As soon as your pipeline grows a little bit beyond basic, it's common to get into a situation where a lot of the commands you run in each job are the same.

So how can you reduce this duplication? And should you?

In general, it's ok to have a bit of duplication, as it increases readability, but as the pipeline grows, that might not be so feasible anymore.

Let's take a look at 3 possible strategies using a simple example where we'll extract the echo 'prepare' command, so it's no longer duplicated in every job.

build:
  script:
    - echo 'prepare'
    - echo 'build'

test:
  script:
    - echo 'prepare'
    - echo 'test'

Use a default before_script

If your command is something you want to run before all jobs, all the time, then the easiest way is to simply extract the common code as a before_script key at the beginning of the file:

before_script:
  - echo 'prepare'

build:
  script:
    - echo 'build'

test:
  script:
    - echo 'test'

While this does not give you a lot of flexibility, it's a very quick and straightforward way to reuse commands.

Use YML anchors

Anchors are YML's way of reusing code - you can think of them a little bit like functions.

You can define a block of configuration somewhere and create a reference to it using &. Then, you can use it with *.

Let's see an example:

# Create an anchor called `&prepare_step`
.prepare_step: &prepare_step
  - echo 'prepare'

build:
  script:
   # Merge the anchor into the `script` using `<<*:`
    - <<:*prepare_step
    - echo 'build'

test:
  script:
   # Aaand reusing the command here again
    - <<:*prepare_step
    - echo 'test'

You'll notice prepare_step job starts with a dot - this is intentional to prevent Gitlab from running that job; by starting it with a dot, it will be ignored, thus behaving like a "template".

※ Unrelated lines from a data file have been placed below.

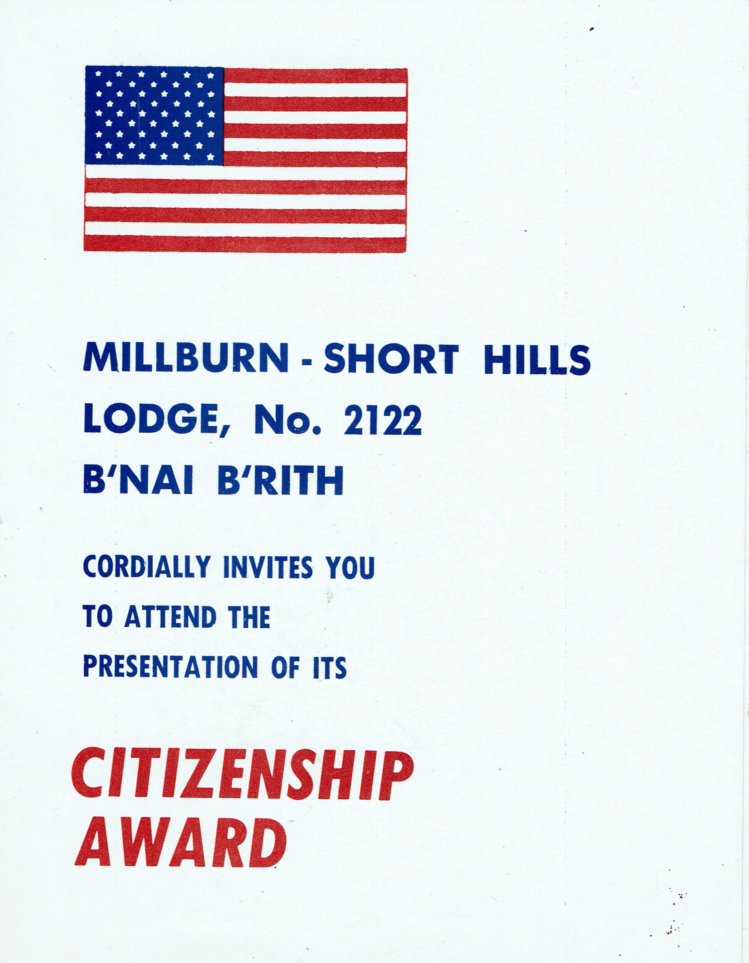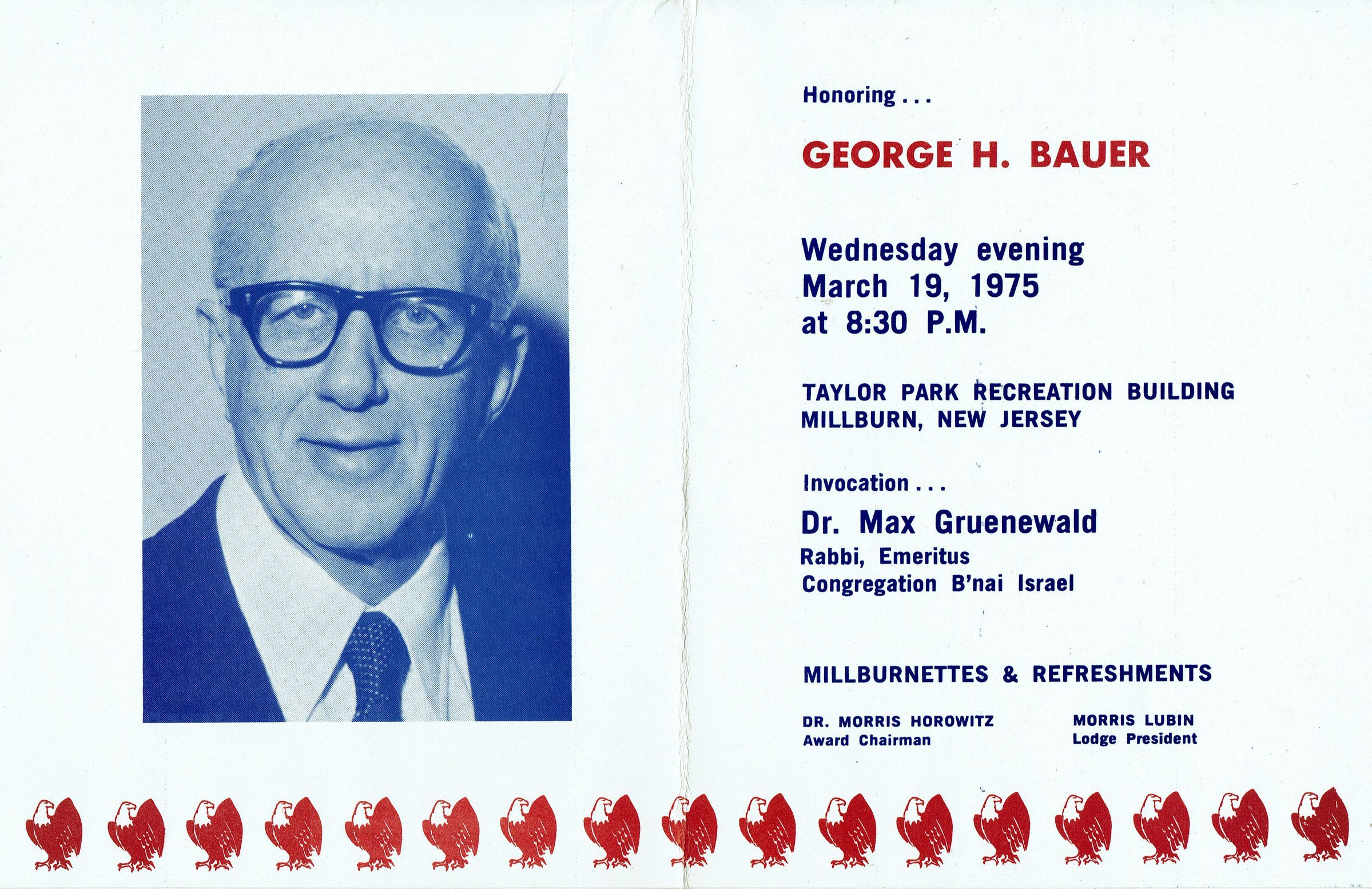Invitation to the Millburn-Short Hills Lodge, No. 2122 B'nai B'rith Citizenship Award Ceremony honoring George H. Bauer on Wednesday evening, March 19, 1975. The ceremony featured an invocation by Dr. Max Gruenwald, Rabbi Emeritus of Congregation B'Nai Israel. 4 pp.Acquisition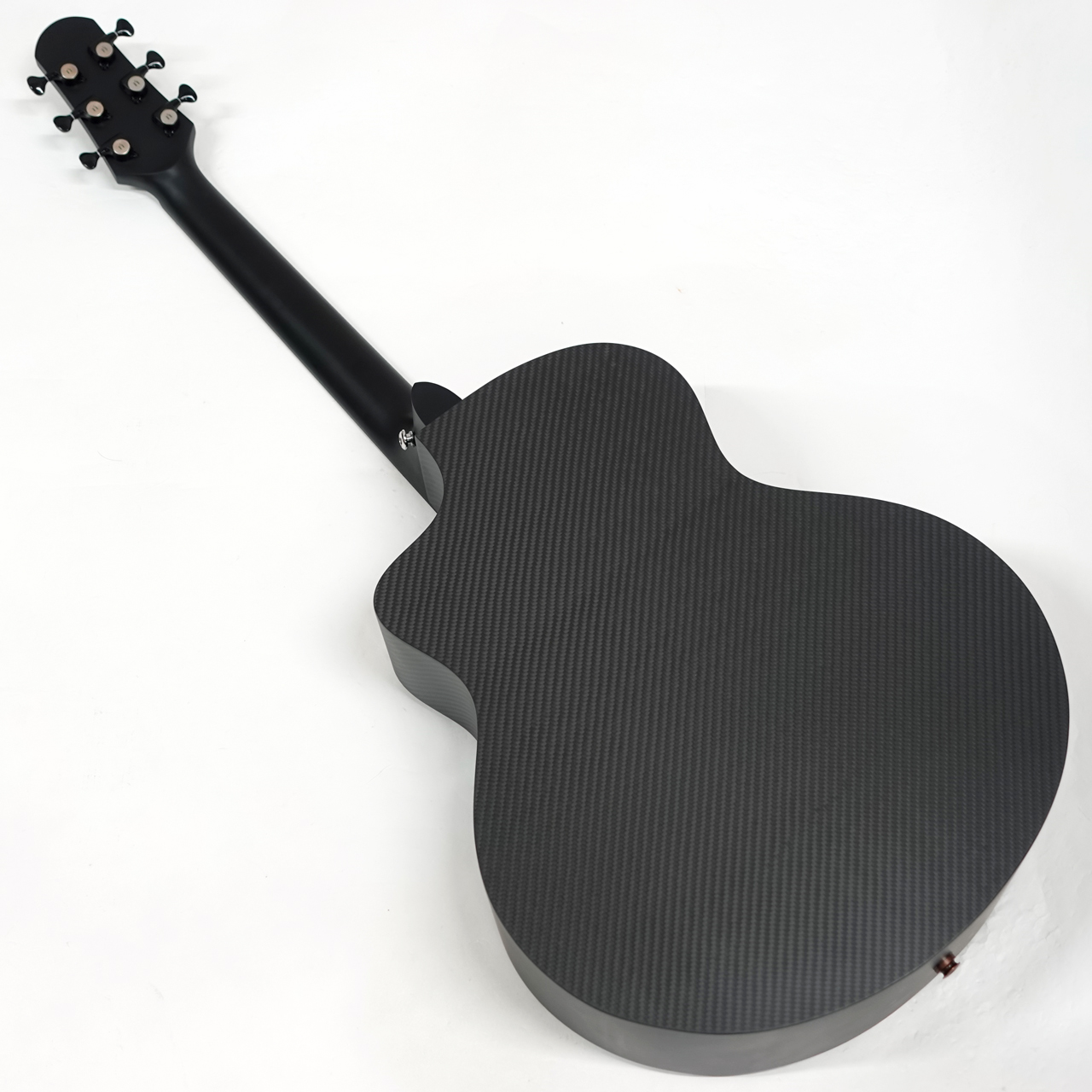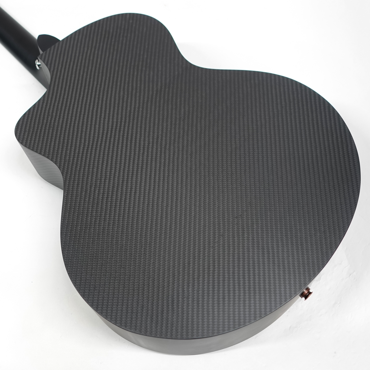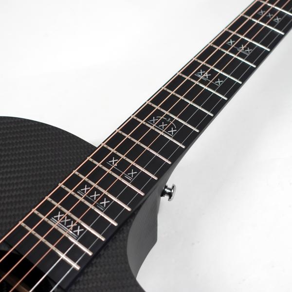 こちらのギターは新開発の3Kカーボンファイバー・ボディを採用。振動減衰が非常に低いため、音の伝達が機敏でクリア。音色を決定するブレイシングは木製で、カーボンファイバーとの完璧な融合により、シャープで豊かな倍音のサウンドを実現しています。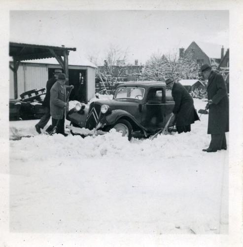 Foto in zwart-wit van een Citroën uit in de sneeuw, ...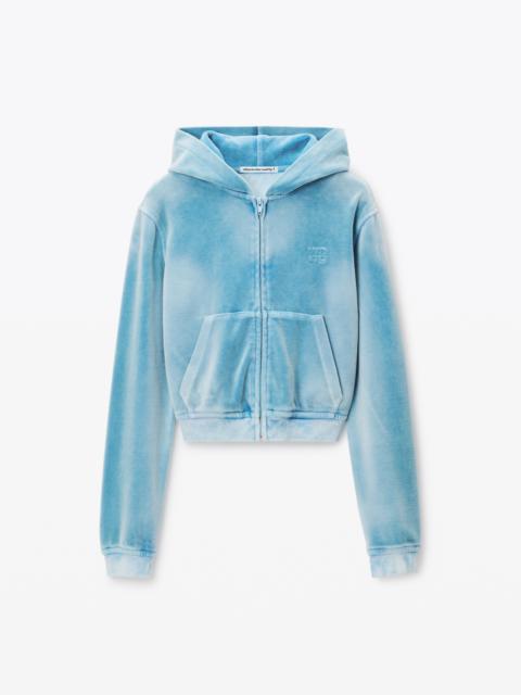 Cropped Zip-Up Hoodie with Crystal Hotfix Drawcord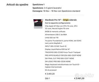 Vendo il mio Apple MacBook Pro 14" (2021) acquistato a fine 2022. Top di gamma - con potente chip M1 Max (CPU 10-core, GPU 32-core), 64GB di memoria unificata e SSD da 1TB.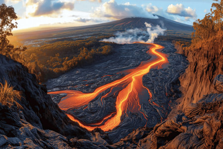 lava flows cascading down the side of a volcano, forming new landscapes, created with generative ai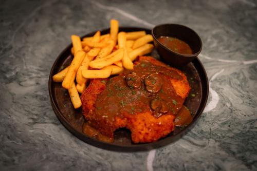 crispy pork cutlet, brown mushroom gravy, and tavern frites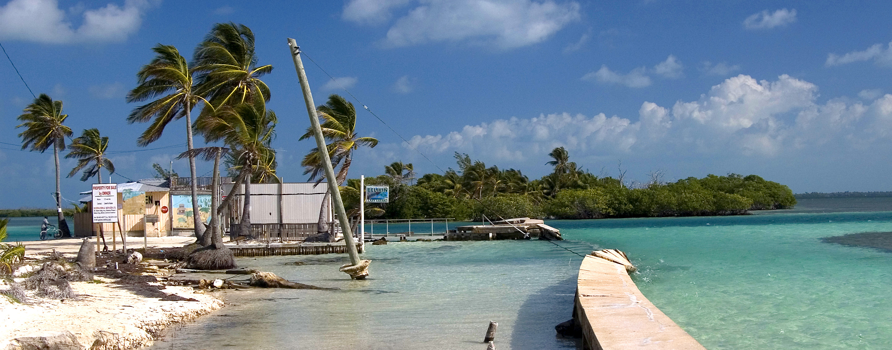 damaged pier at the split, caye caulker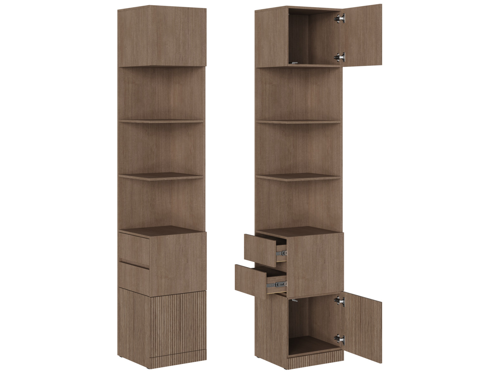 Четвертая часть расположена внизу стеллажа. Габарит отсека Д.418 х В.368 х Г.426 мм. Видимая боковина и створка из ЛДСП в цвет фасада. Фасад открывается при помощи отталкивателя.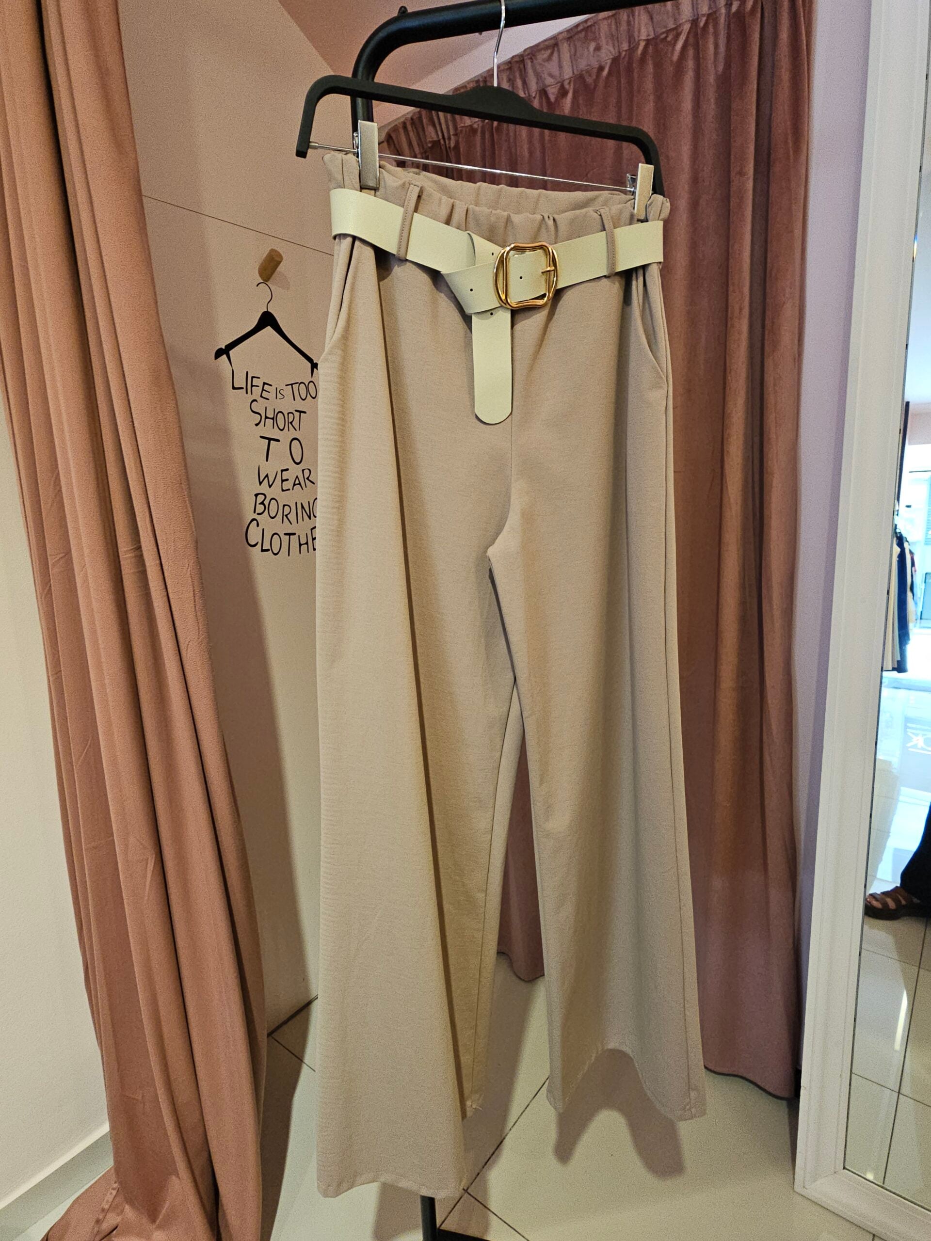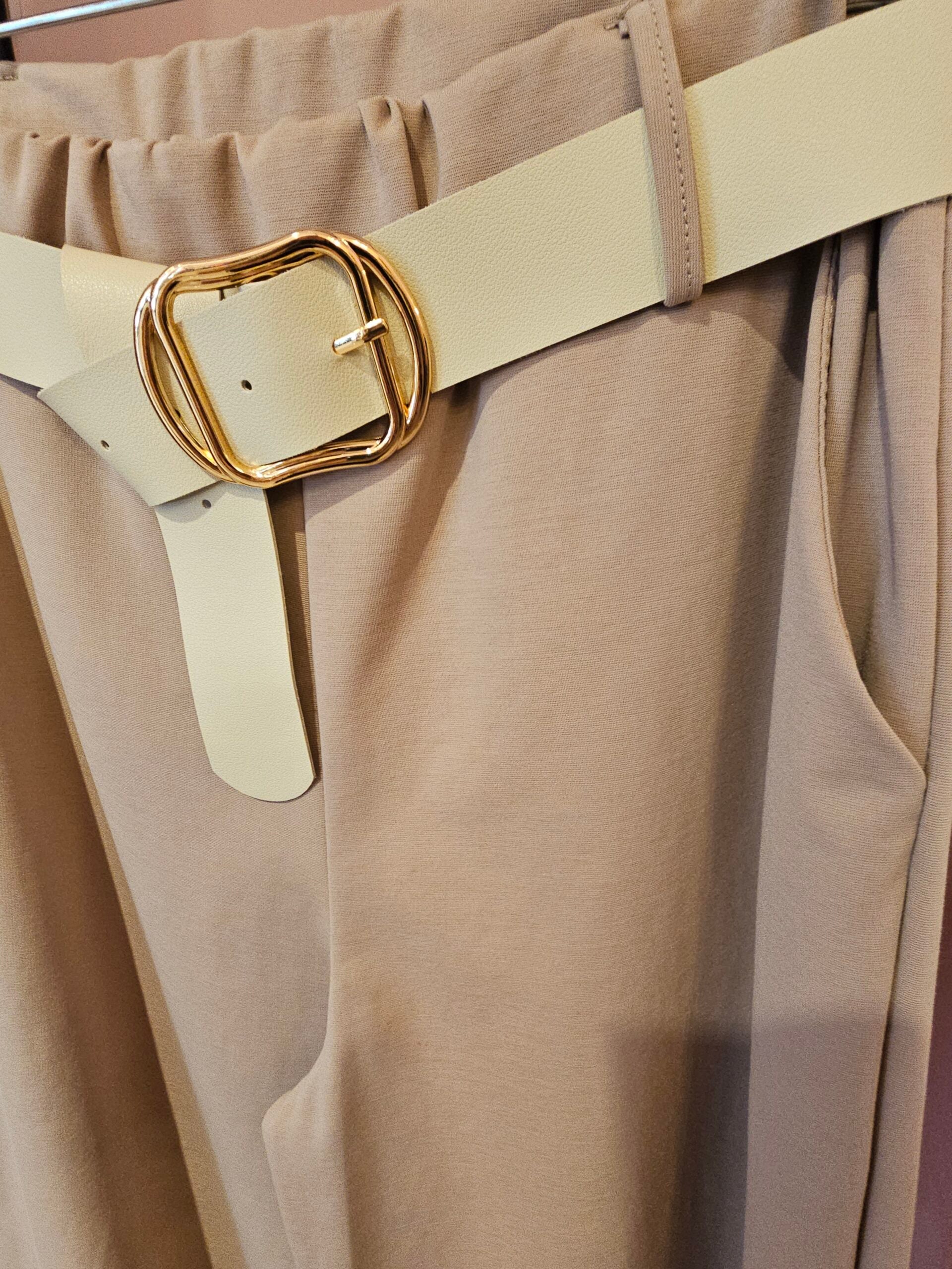 Θηλιές για ζώνη. Διαθέτει ζώνη δερμάτινη μπεζ με χρυσή αγκράφα.

Anchors can be tricky to master, so if you want to learn more I found this article to be helpful, and of course, the official Gitlab docs on anchors.

Use extends

While anchors can be quick to get started with, they do have their downsides. The main one I've encountered is that you can't use anchors to reuse code across several files - they only work within the same file.

If you want to reuse code across several files, then you can use the extends keyword. This works similar to inheritance - you define a "template" job that other jobs can then extend.

Some things to keep in mind regarding extends:

  • if the key is a hash it will get merged
  • if the key is an array, it will get overridden
.prepare_step:
  before_script:
    - echo 'prepare'

build:
  extends:
    - .prepare_step
  script:
    - echo 'build'

test:
  extends:
    - .prepare_step
  script:
    - echo 'test'

Here are the Gitlab docs on extends keyword and some details on its merging strategy.